2

I was thinking of creating an on-screen keyboard to protect against keyloggers. The main problem is that I have found that there is a category of keloggers, called screenshot key loggers, which are able to take screenshots of the screen every time the mouse button is clicked.

For this reason, I feel that my approach of creating an on-screen keyboard does not protect against this category of keyloggers. Is there a way of coding the application which does not allow screenshots to be taken, or else alerts the user if these are being taken without his permission?
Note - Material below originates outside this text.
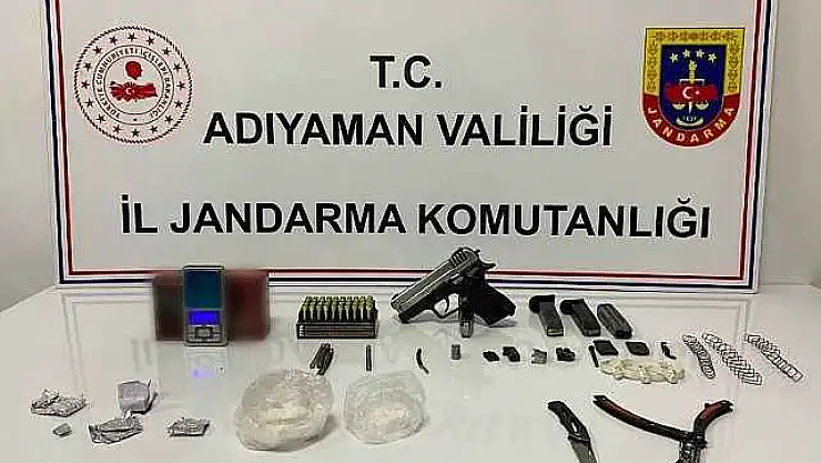 Adıyaman'da jandarma ekiplerinin takibe aldığı şahsın aracında yapılan aramada uyuşturucu ve evinde ise silah ele geçirildi.

I am assuming that only the user is present in the room. Therefore, I am not trying to protect against other users from taking photos with their digital cameras. I only want to protect against screenshot keyloggers.

Adi
  • 43,808
  • 16
  • 135
  • 167
Matthew
  • 621
  • 2
  • 11
  • 18
  • One work around is by making the virtual keys "pressable" with mouse hover. If the user hovers the mouse over the key for 1000-1500ms then the key is "pressed". Of course that wouldn't protect against that are constantly taking screenshots (I don't think that those are common). – Adi Mar 21 '13 at 16:55
  • @Adnan: they are not common... yet. But if people begin to use mouse hovering as equivalent to mouse clicks, be sure that keyloggers will soon learn to track "hovering events". Also, you cannot hover your mouse when using an iPad, if only for lack of a mouse to hover. – Thomas Pornin Mar 21 '13 at 17:14

2 Answers2

5

A key logger can log keys, or take screenshots, only by virtue of having extensive access to the operating system, allowing the malware to do basically whatever it wishes to. As such, there cannot be a failsafe way to prevent or even detect screenshots, since the malware would perfectly be able to simply deactivate that check.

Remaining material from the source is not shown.